▶ [What is needed]: Every line of the data below should be retyped exactly, with no images carried over.

▶ [Data section]:
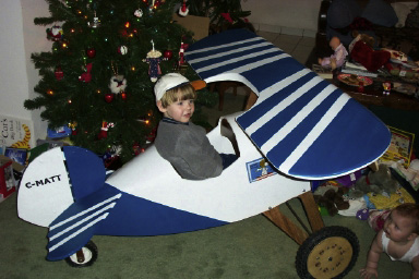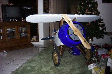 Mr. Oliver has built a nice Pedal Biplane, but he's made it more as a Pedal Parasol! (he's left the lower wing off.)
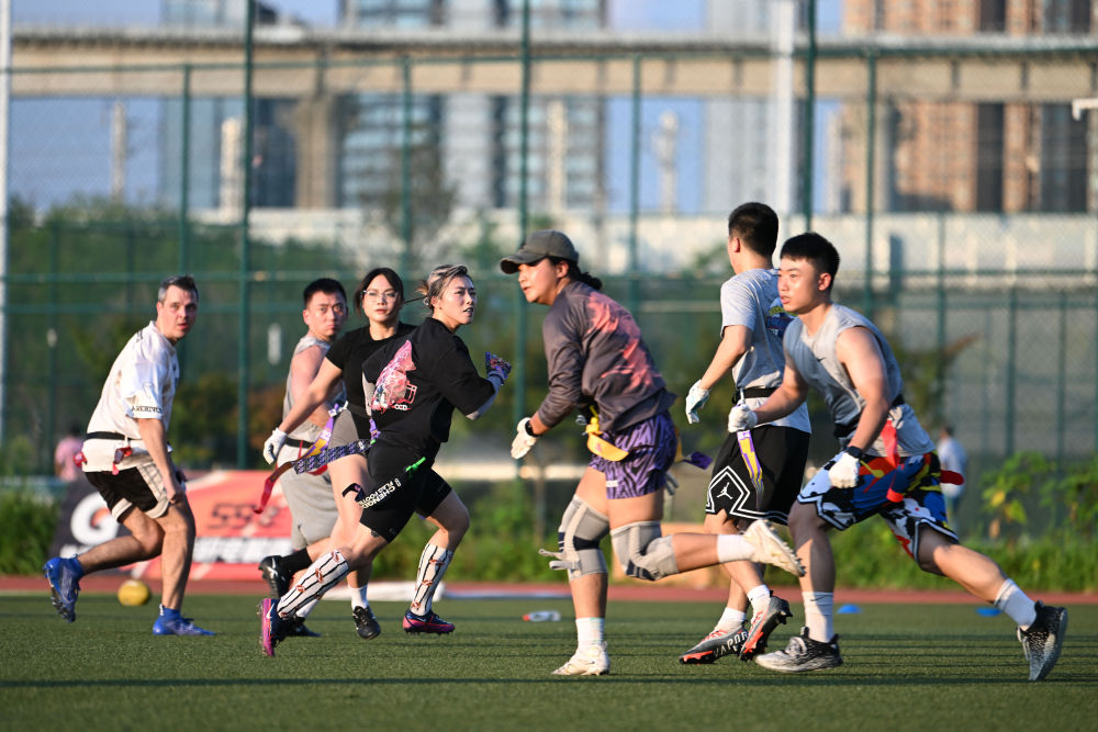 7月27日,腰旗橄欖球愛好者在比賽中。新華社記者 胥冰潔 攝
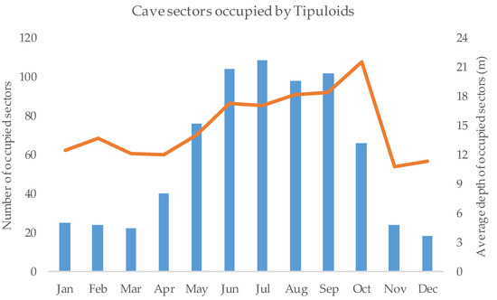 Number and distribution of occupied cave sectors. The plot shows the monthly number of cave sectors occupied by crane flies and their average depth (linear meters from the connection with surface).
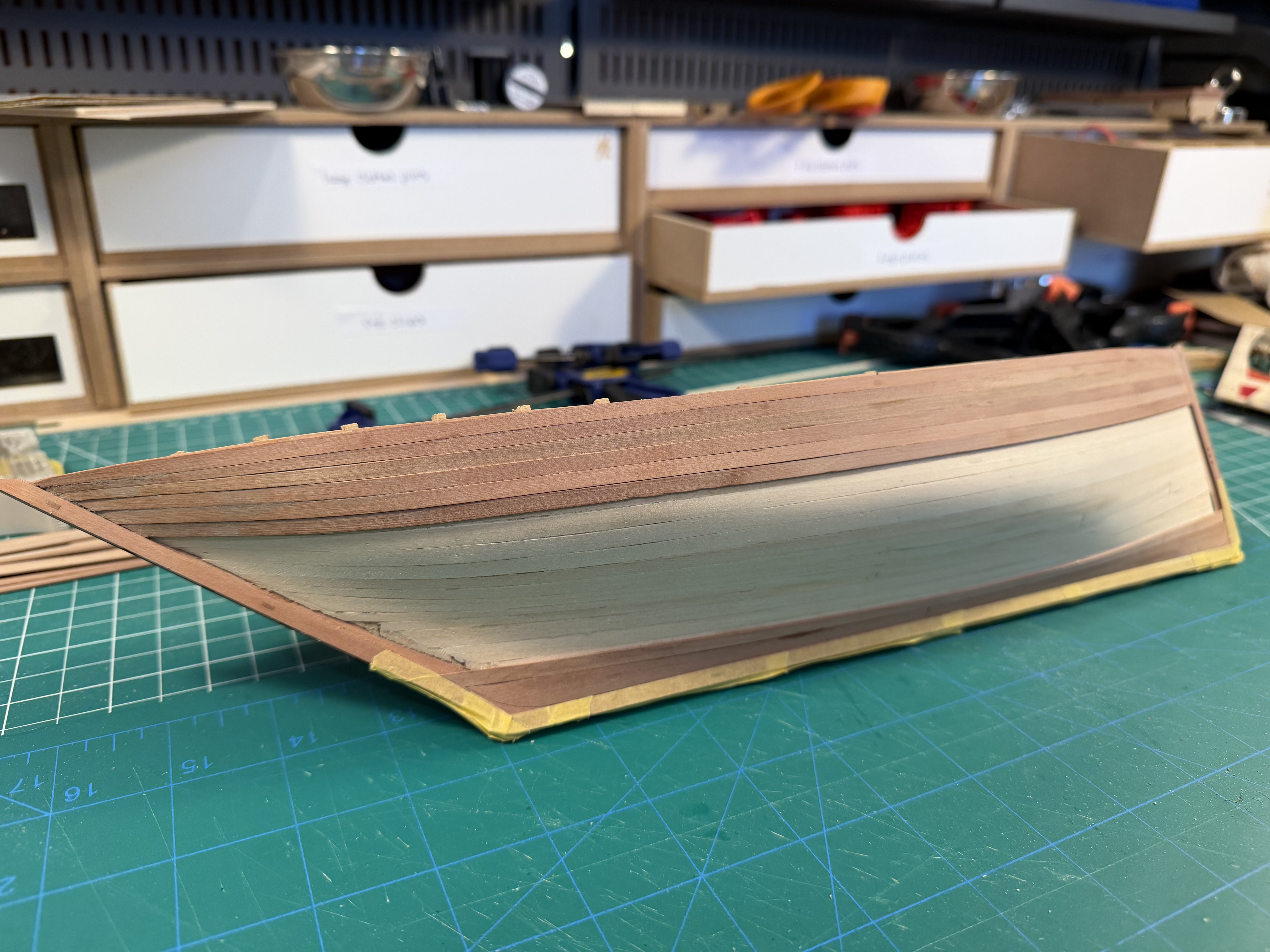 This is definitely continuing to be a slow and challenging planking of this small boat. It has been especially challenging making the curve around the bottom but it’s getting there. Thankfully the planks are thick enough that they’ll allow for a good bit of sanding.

▶ [Task output]:
 Mr. Oliver has built a nice Pedal Biplane, but he's made it more as a Pedal Parasol! (he's left the lower wing off.)
 7月27日,腰旗橄欖球愛好者在比賽中。新華社記者 胥冰潔 攝
 Number and distribution of occupied cave sectors. The plot shows the monthly number of cave sectors occupied by crane flies and their average depth (linear meters from the connection with surface).
 This is definitely continuing to be a slow and challenging planking of this small boat. It has been especially challenging making the curve around the bottom but it’s getting there. Thankfully the planks are thick enough that they’ll allow for a good bit of sanding.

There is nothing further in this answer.